De olho na mobilidade que as plataformas digitais oferecem, a psicóloga revela que tem realizado atendimentos nos locais mais diversos. “Atendemos as pessoas na laje, banheiro, praças, e já atendi também na frente do ponto de ônibus, onde dava pra encontrar ali um espaço, a gente foi tentando ter a criatividade e trazer essa pessoa, então vamos continuar pensando e criando o que dá para fazer”, conta Albuquerque.
Ela também morava na periferia, mais precisamente na Freguesia do Ó, região noroeste de São Paulo. A psicóloga revela mais uma vez são as desigualdades sociais são temas recorrentes nos atendimentos realizados por ela. “Muito da ansiedade vem de uma angústia, do eu não posso ficar em casa, eu vou pegar transporte, eu vou chegar do trabalho, eu vou faltar, eu moro com toda minha família, não tenho tantos cômodos aqui, é a ansiedade é despertada a partir do eu posso passar todo dia, posso transgredir todo dia, e a gente tem trabalhado muito isso, e a gente tem trabalhado muito para que essa culpabilização não seja singular.”

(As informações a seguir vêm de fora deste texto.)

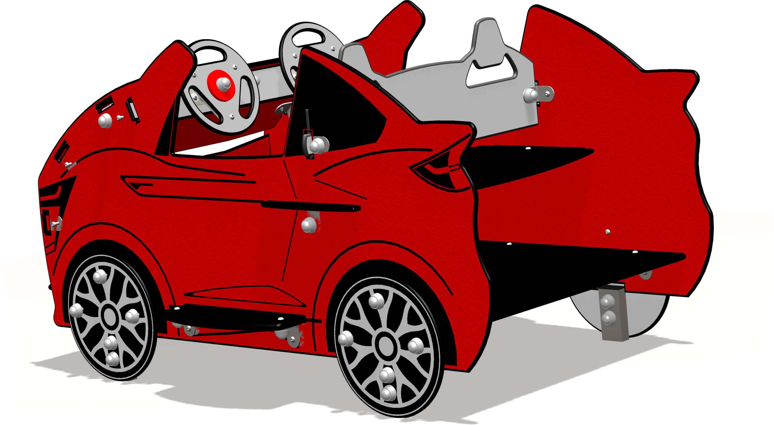Son design aérodynamique, ses jantes stylées et ses deux volants invitent les enfants à s’installer et à imaginer des courses endiablées. Qu’ils soient pilotes ou copilotes, les petits bolides peuvent explorer des mondes imaginaires, se lancer dans des missions secrètes et vivre des aventures palpitantes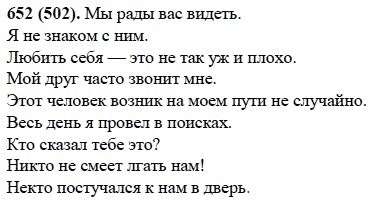 Решения домашних заданий по русскому языку 6 класс Разумовская М.М., Львова С.И., Капинос В.И. 652(502) упражнение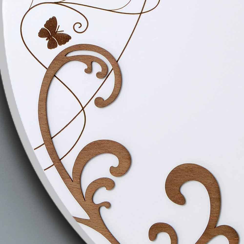 Moderne design ronde wandklok, in gedecoreerd hout, gemaakt in Italië.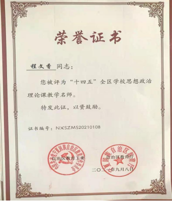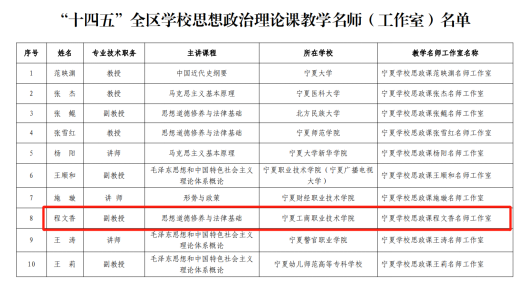 近日,自治区教工委教育厅公布了“十四五”全区学校思想政治理论课教学名师(工作室)名单,马克思主义学院程文香老师荣获“十四五”全区学校思想政治理论课教学名师(工作室)。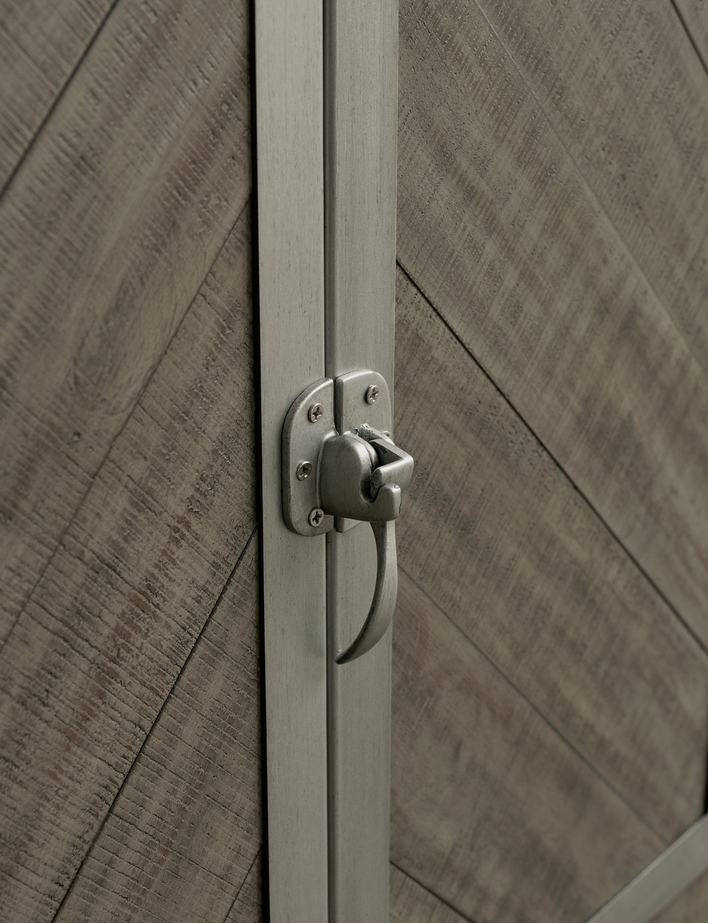 Details | Made of pine wood, veneer and engineered wood, Weathered gray finish, 2 cabinets, each with adjustable shelf, Metal hardware | |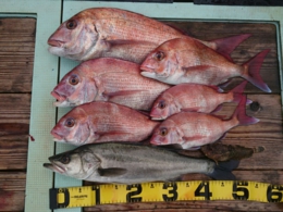 鯛 32~60cm 6匹、セイゴ 1匹、オコゼ 1匹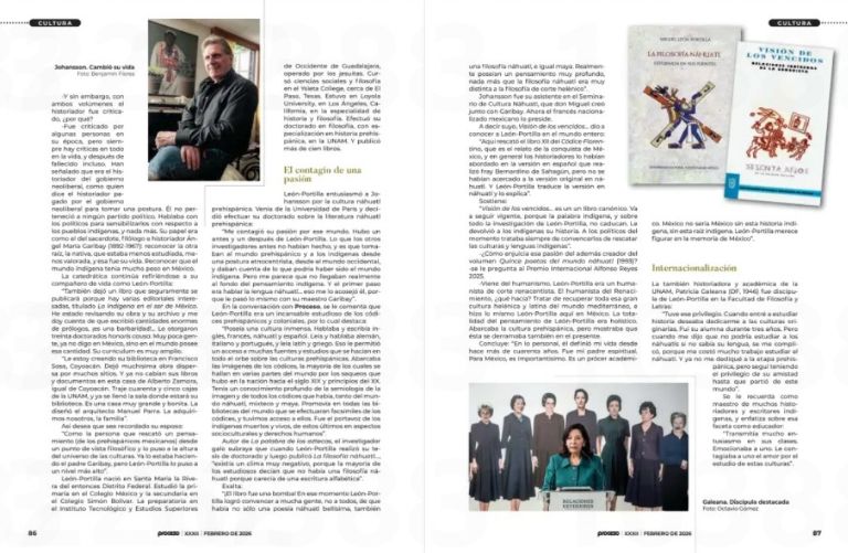 “El libro más completo de León-Portilla sin duda es La filosofía náhuatl...; y Visión de los vencidos... se ha traducido a veinte lenguas, en este momento se está acabando la traducción al griego. A él le daría muchísimo gusto porque admiraba a los griegos”.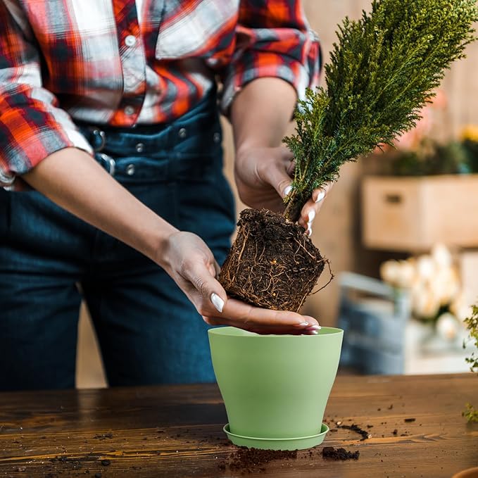 • 【Drainage Holes and Trays】Each plant pot features well-designed drainage holes at the bottom to ensure proper water flow. Additionally, saucers catch excess water, keeping your growing area clean and tidy while also ensuring that your plants remain hydrated without becoming waterlogged.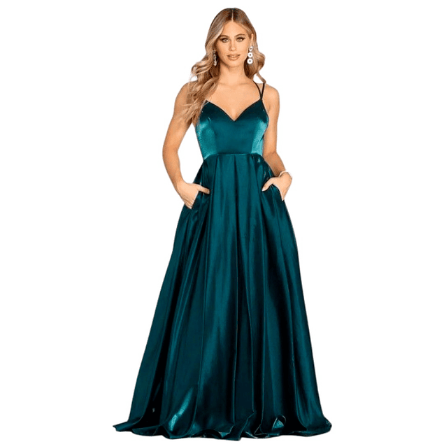 Vestido Largo con Escote Sexy en Busto, Trenzado en Espalda Falda Larga con Bolsillos Ideal Fiesta Gala Graduación Tallas Pluss Kadrihel (G069)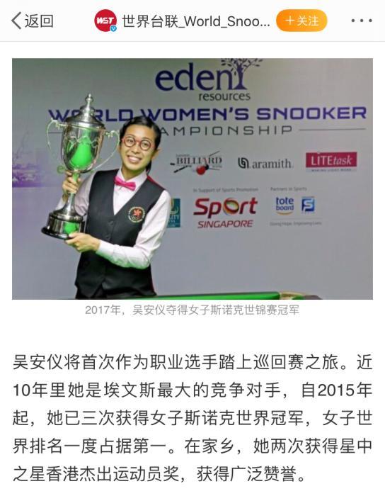 吴安仪将首次作为职业选手踏上巡回赛之旅。近10年里她是埃文斯最大的竞争对手,自2015年起,她已三次获得女子斯诺克世界冠军,女子世界排名一度占据第一。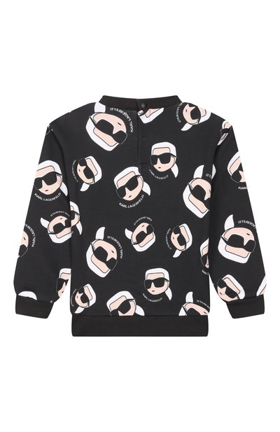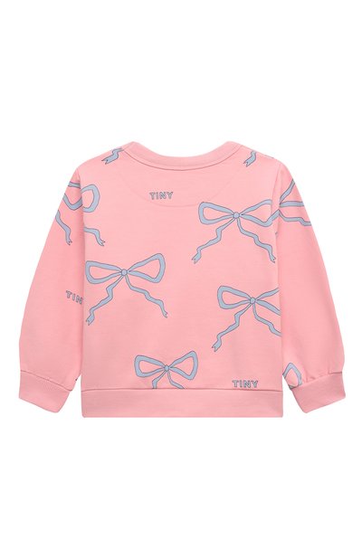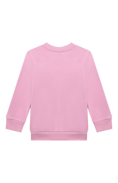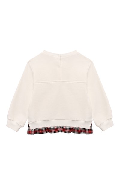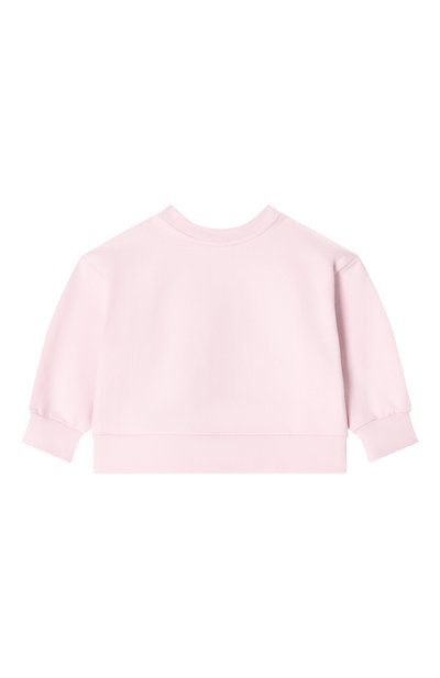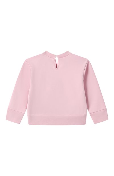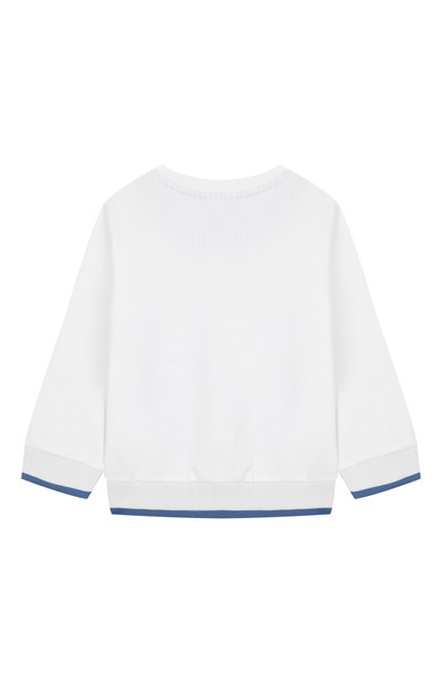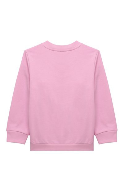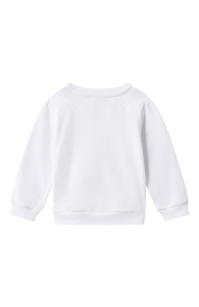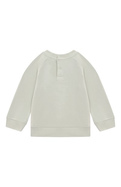 Свитшот с отделкой в рубчик и кнопкой на плече выполнили из хлопкового трикотажа с фактурной изнанкой. Спереди модель д екорировали логотипом и трафаретным силуэтом фирменного медвежонка.

A psicóloga finaliza a entrevista falando do quão importante é se adaptar às condições de cada pessoa, pensando no acesso à internet, para ela ter acesso ao cuidado com a sua saúde mental. “Nem todo mundo tem um lugar pra fazer terapia com privacidade e a gente precisa pensar também como a internet não chega a todos os lugares?”, questiona ela, esclarecendo que fazer uma triagem dos analisantes é o ponto de partida para gerar uma inclusão social. “Hoje a gente pensa em um caminho de triagem, de entender a realidade de cada pessoa, e o fechamento do valor é individual, de acordo com cada realidade, cada história e com cada pessoa”, conclui.